## S3 bucket access

The [s3 source](../guide/sources.rst#s3) provides access to [Amazon S3](https://aws.amazon.com/s3/) buckets.

In this example we will use a publicly available bucket containing ECMWF forecast data in GRIB format.

In [1]:
import earthkit.data

bucket_name = "ecmwf-forecasts"

### Getting a whole object

#### Read as stream

By default the [s3 source](../guide/sources.rst#s3) returns a stream iterator, which we can consume field by field.

In [2]:
key = "20240111/00z/0p4-beta/oper/20240111000000-0h-oper-fc.grib2"
r = {"bucket": bucket_name, 
     "objects": [
         {"object":  key} 
          ],
   }

ds = earthkit.data.from_source("s3", r)

cnt = 0
for f in ds:
    cnt += 1

cnt

83

Options [batch_size](../guide/sources.rst#s3) and [group_by](../guide/sources.rst#s3) control how the stream data is handled. E.g. with [batch_size](../guide/sources.rst#s3)=0 we can load the whole object into memory. 

In [3]:
ds = earthkit.data.from_source("s3", r, batch_size=0)
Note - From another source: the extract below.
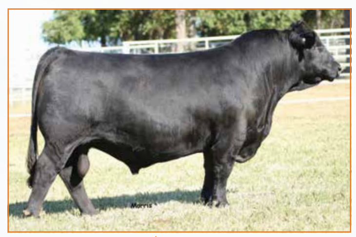
PBRS BUNK HOUSE 48B | Sire of Lot 45 & Service Sire to Lot 47

Study the pedigree and the numbers and we think you'll agree, she has it all. Being out of MAGS Eagle, a growth and carcass trait leader, and out of a MAGS Y So Tangled daughter gives you the confidence to bid until you own her. She ranks in the top 25% for eight economical traits.

# ds is a FieldList stored entirely in memory
print(f"len={len(ds)}")
ds.head()

len=83


Unnamed: 0,centre,shortName,typeOfLevel,level,dataDate,dataTime,stepRange,dataType,number,gridType
0,ecmf,gh,isobaricInhPa,200,20240111,0,0,fc,,regular_ll
1,ecmf,gh,isobaricInhPa,925,20240111,0,0,fc,,regular_ll
2,ecmf,gh,isobaricInhPa,500,20240111,0,0,fc,,regular_ll
3,ecmf,r,isobaricInhPa,925,20240111,0,0,fc,,regular_ll
4,ecmf,gh,isobaricInhPa,250,20240111,0,0,fc,,regular_ll


#### Disk based access

Data can be read from a file downloaded and stored in the earthkit-data cache/tmp area.

In [4]:
ds = earthkit.data.from_source("s3", r, stream=False)

# ds is a FieldList read from a grib file on disk
print(f"len={len(ds)}")
ds.head()

len=83


Unnamed: 0,centre,shortName,typeOfLevel,level,dataDate,dataTime,stepRange,dataType,number,gridType
0,ecmf,gh,isobaricInhPa,200,20240111,0,0,fc,,regular_ll
1,ecmf,gh,isobaricInhPa,925,20240111,0,0,fc,,regular_ll
2,ecmf,gh,isobaricInhPa,500,20240111,0,0,fc,,regular_ll
3,ecmf,r,isobaricInhPa,925,20240111,0,0,fc,,regular_ll
4,ecmf,gh,isobaricInhPa,250,20240111,0,0,fc,,regular_ll


### Getting multiple objects

In [5]:
# getting 2 forecats steps (0 and 12 h)
key1 = "20240111/00z/0p4-beta/oper/20240111000000-0h-oper-fc.grib2"
key2 = "20240111/00z/0p4-beta/oper/20240111000000-12h-oper-fc.grib2"
r = {"bucket": bucket_name, 
     "objects": [
         {"object": key1} , 
         {"object": key2}
     ],
   }

ds = earthkit.data.from_source("s3", r, stream=False)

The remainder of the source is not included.